• _Activity_: From the records below, output exactly the lines starting at the line with "Кнопку можно собрать" and ending at the line with "Mimořádná panenka ve", both of them included, but no pictures.

• _Exercise input_:
◆ ◆ ◆ ◆ ◆

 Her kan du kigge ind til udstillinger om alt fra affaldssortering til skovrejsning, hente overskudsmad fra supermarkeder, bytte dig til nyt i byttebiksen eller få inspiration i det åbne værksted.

◆ ◆ ◆ ◆ ◆

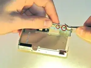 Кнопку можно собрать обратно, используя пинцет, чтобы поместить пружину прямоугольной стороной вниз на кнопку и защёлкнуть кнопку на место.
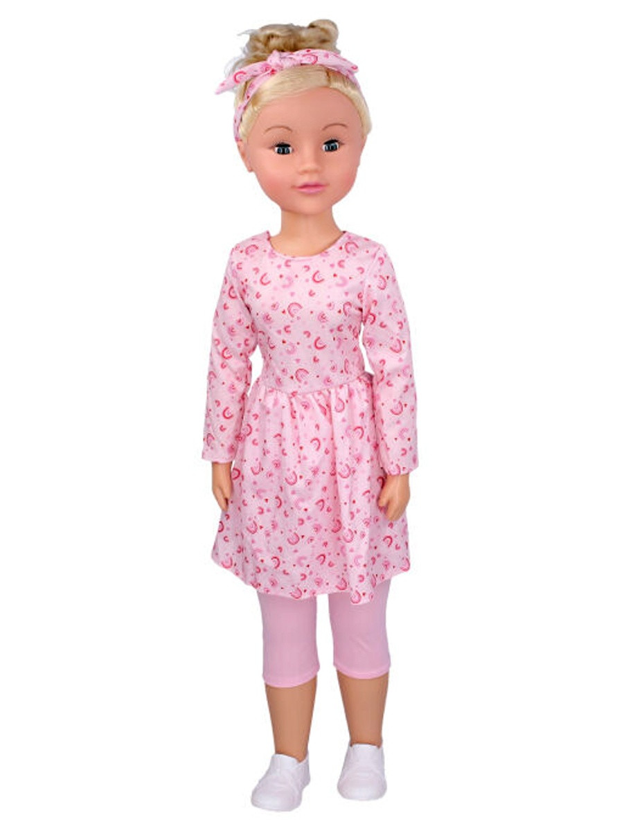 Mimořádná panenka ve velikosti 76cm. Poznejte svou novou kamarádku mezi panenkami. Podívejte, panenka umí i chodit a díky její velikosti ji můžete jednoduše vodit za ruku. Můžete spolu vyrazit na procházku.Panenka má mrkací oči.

◆ ◆ ◆ ◆ ◆

• _Result of this task_:
 Кнопку можно собрать обратно, используя пинцет, чтобы поместить пружину прямоугольной стороной вниз на кнопку и защёлкнуть кнопку на место.
 Mimořádná panenka ve velikosti 76cm. Poznejte svou novou kamarádku mezi panenkami. Podívejte, panenka umí i chodit a díky její velikosti ji můžete jednoduše vodit za ruku. Můžete spolu vyrazit na procházku.Panenka má mrkací oči.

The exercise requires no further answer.